Thus the curtain rang down upon Bourlon Wood. President of the Immortals (in Eschylean phrase) had ended his sport" for the day. Soon the velvety sky was twinkling with stars. Everybody tried to improve the half-finished trenches, many dug for themselves round or coffin-like holes in the freezing ground, and lying down endeavoured to sleep. But the battlefield is never quiet. The Germans, growing bolder, crept down to the edge of the sunken road and now a bomb would be thrown, and now a sudden alarm would cause every man to seize his rifle, and every gunner to stand to his gun. The star-lights would go up all round, a strange glimmer illuminated the frosty trunks of the trees. Then in a gust of anger the firing started all along the line, and the metallic snap of the bolts vied with the crack of the rifles and the rattle of Lewis guns and machine-guns. After a while these died away into comparative silence. Once all the German batteries opened like a roll of thunder, and for half an hour the sky was alight with flashes, and the shells came racing overhead. But sleep is master of all; and except for the sentries, who were always peering into the shadows, each man lay down with his thoughts, slept, or became a victim to the merciful drowsiness of those utterly worn out.

About the middle of the night a sound more strange than any other came to the ears. "Honk, honk, honk!" and there was a roar as of a mighty rushing wind. "Honk, honk, honk!"-the sound came nearer. It was the flight of the wild geese into the autumnal north. Few had heard that sound before in France. It seemed as if the souls of the departed were fleeing from a distracted world to the remotest solitudes.

Sleep came at last, or that mental drowsiness which is nearest to sleep. Dreams and fancies stole upon the mind, those merciful dreams which clothe reality in happiness and peace. After all, it seemed, the curtain of night had rung down, not upon a tragedy, but only upon an episode in the everlasting human drama of love and pain. Why and whence and whither? . . . We could not say. They knew perhaps who lay rigid now in the heart of the wood; but not we.
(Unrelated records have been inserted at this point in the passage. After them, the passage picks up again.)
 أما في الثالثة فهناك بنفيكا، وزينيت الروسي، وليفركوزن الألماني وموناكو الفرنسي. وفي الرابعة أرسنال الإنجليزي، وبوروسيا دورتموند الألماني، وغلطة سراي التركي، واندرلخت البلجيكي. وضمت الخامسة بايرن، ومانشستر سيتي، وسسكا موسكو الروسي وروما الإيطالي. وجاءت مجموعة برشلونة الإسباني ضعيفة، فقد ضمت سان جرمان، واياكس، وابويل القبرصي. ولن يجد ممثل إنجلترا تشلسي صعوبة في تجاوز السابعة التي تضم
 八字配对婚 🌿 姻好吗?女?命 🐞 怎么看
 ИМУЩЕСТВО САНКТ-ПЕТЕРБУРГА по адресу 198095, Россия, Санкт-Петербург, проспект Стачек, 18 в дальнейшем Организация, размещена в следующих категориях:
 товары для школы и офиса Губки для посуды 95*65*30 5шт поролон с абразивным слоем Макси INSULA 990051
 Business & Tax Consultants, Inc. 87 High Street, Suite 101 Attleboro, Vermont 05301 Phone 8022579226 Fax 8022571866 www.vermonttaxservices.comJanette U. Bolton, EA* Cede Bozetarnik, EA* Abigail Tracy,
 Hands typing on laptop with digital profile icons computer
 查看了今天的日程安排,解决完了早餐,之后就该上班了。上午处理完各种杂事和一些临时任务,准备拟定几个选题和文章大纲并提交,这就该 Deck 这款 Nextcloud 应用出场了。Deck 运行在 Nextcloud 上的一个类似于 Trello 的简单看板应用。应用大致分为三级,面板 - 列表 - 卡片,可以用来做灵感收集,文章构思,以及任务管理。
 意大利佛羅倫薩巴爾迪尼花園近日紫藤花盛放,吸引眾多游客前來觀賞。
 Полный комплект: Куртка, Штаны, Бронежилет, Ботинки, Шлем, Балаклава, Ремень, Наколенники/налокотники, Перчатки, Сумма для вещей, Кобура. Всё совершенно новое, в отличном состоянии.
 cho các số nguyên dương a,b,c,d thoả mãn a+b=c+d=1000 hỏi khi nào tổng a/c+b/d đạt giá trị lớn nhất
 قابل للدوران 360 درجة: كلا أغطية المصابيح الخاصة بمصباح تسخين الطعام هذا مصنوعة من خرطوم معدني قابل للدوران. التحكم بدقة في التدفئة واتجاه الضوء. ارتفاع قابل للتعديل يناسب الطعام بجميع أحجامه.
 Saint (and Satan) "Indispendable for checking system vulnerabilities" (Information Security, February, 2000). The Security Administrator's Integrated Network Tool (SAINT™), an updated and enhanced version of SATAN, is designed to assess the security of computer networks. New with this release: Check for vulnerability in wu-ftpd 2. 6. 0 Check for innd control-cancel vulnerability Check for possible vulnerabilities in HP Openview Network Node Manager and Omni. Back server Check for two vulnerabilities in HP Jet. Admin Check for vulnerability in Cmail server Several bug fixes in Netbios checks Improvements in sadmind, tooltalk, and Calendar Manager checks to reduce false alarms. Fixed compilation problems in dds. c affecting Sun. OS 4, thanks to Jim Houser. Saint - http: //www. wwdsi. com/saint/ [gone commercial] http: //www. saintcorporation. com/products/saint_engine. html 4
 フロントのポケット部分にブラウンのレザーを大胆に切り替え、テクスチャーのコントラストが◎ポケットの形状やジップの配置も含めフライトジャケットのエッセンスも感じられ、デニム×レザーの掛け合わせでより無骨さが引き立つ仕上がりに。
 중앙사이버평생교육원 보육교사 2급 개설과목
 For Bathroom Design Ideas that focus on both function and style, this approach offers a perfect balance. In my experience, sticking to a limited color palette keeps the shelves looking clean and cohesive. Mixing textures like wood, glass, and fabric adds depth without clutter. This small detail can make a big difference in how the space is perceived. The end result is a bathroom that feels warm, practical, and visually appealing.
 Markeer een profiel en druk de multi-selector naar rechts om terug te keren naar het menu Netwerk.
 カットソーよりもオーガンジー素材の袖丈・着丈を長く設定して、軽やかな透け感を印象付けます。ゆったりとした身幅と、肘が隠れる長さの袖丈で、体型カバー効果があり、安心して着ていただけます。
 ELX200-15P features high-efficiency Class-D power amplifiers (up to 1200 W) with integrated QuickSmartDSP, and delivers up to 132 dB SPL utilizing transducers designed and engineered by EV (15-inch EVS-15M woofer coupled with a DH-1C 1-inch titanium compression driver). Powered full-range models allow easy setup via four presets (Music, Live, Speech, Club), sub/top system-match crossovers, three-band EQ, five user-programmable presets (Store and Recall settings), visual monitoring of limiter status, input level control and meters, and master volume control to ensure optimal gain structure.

One certainty only emerged from the tangle of doubts and impressions; there was in the world something greater by far than fear or grief or mental agony or physical pain some human spirit that triumphed over these and surpassed civilization itself.

There came to the mind then the sergeant and the two Lewisgunners who lay near by. A fragment of each personality presented itself in turn the plain unremarkable faces, the Cockney accent of one, the Scotch gruffness of another, the unfailing gaiety of a third. These knew nothing of God, they never thought of themselves, they

never approached in imagination their own sublimity. Yet out of the humble simplicity of their lives had been achieved the greatest of all things..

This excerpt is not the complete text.